In recent years, our focus has shifted to things unrelated to crash reporting, and it has become more difficult to find time for maintenance of this important project. Meanwhile, the world kept turning, and every so often a change in Apple's platforms would break the build, or require small tweaks, in PLCrashReporter. The App Center team at Microsoft maintained a fork of the main PLCrashReporter repository to help keep their services running smoothly in those times we weren't on hand to fix things upstream.

Given that the App Center team was already very familiar with PLCrashReporter, and that they had expressed interest in contributing their changes upstream, it seemed like a natural fit for Microsoft to take over as stewards of PLCrashReporter. To that end, we talked it over and they have graciously agreed to take on responsibility of the PLCrashReporter repository and related sites. To be clear, the licensing of PLCrashReporter isn't changing, and Microsoft looks forward to working with the community on this open source project.

We feel that Microsoft has been making positive strides in the open source community over the past few years, and we are confident that they'll be great hosts of PLCrashReporter as it enters its second decade of existence. For more on the transition, check out Microsoft's announcement or visit this GitHub issue.

A New Home for VoodooPad

December 14, 2017, by Rebecca Bratburd

We are pleased to announce that the team at Primate Labs has taken over sales and development of VoodooPad.
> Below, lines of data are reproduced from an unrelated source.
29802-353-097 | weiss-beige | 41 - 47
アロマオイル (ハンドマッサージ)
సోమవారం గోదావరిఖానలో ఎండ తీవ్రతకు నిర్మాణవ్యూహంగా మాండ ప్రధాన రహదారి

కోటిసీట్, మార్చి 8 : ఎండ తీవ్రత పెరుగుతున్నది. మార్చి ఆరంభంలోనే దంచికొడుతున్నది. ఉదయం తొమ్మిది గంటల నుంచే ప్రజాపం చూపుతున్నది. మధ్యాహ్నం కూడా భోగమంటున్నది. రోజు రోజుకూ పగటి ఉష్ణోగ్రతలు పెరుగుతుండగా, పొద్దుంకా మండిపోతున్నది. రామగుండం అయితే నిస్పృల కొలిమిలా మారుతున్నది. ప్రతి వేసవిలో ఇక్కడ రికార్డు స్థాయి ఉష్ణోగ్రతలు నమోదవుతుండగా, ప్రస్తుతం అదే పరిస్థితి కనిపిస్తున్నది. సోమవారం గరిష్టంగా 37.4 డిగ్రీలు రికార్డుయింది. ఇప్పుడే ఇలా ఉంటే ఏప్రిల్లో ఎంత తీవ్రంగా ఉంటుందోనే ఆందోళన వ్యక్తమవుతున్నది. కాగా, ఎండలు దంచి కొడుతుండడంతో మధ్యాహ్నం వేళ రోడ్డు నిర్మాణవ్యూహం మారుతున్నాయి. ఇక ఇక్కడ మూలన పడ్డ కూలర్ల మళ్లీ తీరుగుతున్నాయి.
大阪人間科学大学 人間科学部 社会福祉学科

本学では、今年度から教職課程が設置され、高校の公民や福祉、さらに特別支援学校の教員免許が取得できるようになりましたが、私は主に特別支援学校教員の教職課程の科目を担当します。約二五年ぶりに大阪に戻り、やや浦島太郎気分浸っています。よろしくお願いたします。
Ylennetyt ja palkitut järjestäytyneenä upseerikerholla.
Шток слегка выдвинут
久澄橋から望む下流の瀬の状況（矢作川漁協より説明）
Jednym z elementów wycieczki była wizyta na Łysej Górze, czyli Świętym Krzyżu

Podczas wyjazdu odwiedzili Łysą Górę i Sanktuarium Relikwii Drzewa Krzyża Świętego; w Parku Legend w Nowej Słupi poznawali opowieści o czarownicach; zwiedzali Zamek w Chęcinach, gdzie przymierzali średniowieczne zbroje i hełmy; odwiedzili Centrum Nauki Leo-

Earlier this year, a significant member of our team resigned, which, along with other changes in direction for our cooperative, made it difficult to provide continued development and support of VoodooPad. Thus, we're passing the VoodooPad torch to a company better suited to support it now and in the future.

We trust Primate Labs, a company we've known for about a decade, to take over the reins. Primate Labs develops performance analysis software for desktop and mobile platforms, namely Geekbench. We think they'll make excellent custodians of VoodooPad alongside it.
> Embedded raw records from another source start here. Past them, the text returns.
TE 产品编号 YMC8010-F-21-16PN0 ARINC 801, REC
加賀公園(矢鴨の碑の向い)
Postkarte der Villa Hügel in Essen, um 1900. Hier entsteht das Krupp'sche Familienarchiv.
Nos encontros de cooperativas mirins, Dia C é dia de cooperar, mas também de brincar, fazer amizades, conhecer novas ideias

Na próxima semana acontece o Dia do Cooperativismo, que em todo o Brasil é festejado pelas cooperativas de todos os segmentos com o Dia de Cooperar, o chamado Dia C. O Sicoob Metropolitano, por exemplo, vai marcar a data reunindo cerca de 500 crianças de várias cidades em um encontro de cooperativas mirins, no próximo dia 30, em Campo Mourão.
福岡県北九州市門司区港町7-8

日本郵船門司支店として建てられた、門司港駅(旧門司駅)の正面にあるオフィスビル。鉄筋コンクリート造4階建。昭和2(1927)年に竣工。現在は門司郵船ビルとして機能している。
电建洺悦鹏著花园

Existing users of VoodooPad will be able to continue using the app as they have been. We will transfer the apps, but users won't need to take any action. Support requests will be handled by Primate Labs, and we'll be available to them during a transition period to help them get up to speed.

We’re grateful to the customers who wrote in with feature requests and bug reports that we were able to learn from and strengthen VoodooPad. We’re sad to let VoodooPad go, but at the same time we’re excited to see the product live on with Primate Labs as its new stewards. We wish them, and you, all the best!

PLRelational: Query Optimization and Execution

October 3, 2017, by Mike Ash

This is our latest entry in a series of articles on PLRelational. For more background, check out these other articles in the series:

We've been talking a lot about PLRelational lately and what you can do with it. Today I want to talk about some of its internals. In particular, I want to talk about how it optimizes and executes queries, which is one of the most interesting components of the framework.

Simple Query Execution

PLRelational's relations are divided into two kinds: source relations that contain data directly, and intermediate relations that produce data by operating on other relations. (The latter are implemented in the IntermediateRelation type.)

To get data out of a relation, PLRelational executes a query. For source relations, this is simple: ask it for its data, and that's it. Executing a query on intermediate relations gets more complicated.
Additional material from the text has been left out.